# Instructions for the task
First find the line with "4 grå stole" in the entries below, then set down exactly every line through the line with "Opona – Kaskaderska", that line included.

# Source data
BEGIN

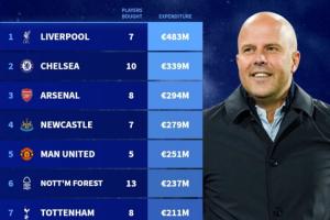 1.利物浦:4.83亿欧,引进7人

END
BEGIN

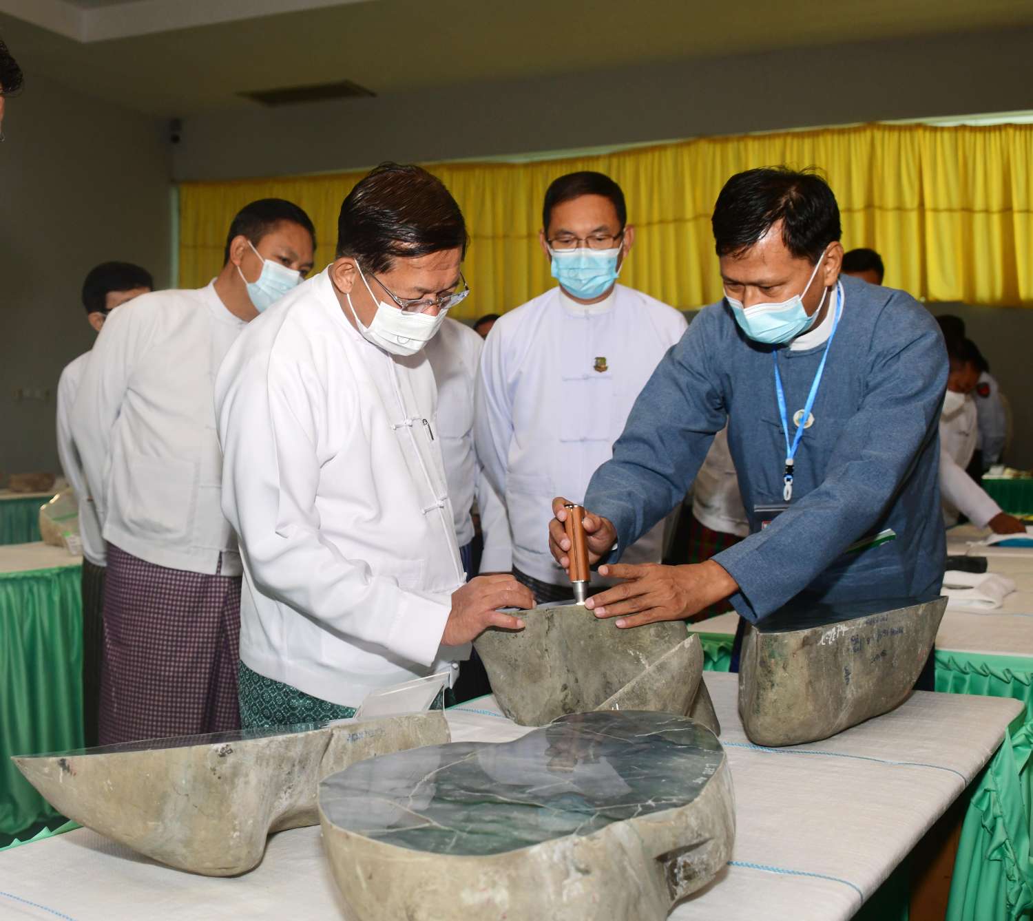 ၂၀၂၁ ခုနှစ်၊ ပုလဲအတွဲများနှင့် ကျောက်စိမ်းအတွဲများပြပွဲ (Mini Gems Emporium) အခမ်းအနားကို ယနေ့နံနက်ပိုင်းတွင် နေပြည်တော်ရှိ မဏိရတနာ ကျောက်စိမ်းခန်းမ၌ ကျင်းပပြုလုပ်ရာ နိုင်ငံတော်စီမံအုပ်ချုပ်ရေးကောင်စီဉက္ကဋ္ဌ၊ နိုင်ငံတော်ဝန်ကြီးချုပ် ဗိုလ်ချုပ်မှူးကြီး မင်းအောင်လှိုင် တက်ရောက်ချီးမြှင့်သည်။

END
BEGIN

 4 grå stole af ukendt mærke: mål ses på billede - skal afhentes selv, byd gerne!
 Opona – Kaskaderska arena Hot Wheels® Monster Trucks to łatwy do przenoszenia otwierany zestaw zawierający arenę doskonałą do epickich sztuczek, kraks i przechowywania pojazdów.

END

# Response to the exercise
 4 grå stole af ukendt mærke: mål ses på billede - skal afhentes selv, byd gerne!
 Opona – Kaskaderska arena Hot Wheels® Monster Trucks to łatwy do przenoszenia otwierany zestaw zawierający arenę doskonałą do epickich sztuczek, kraks i przechowywania pojazdów.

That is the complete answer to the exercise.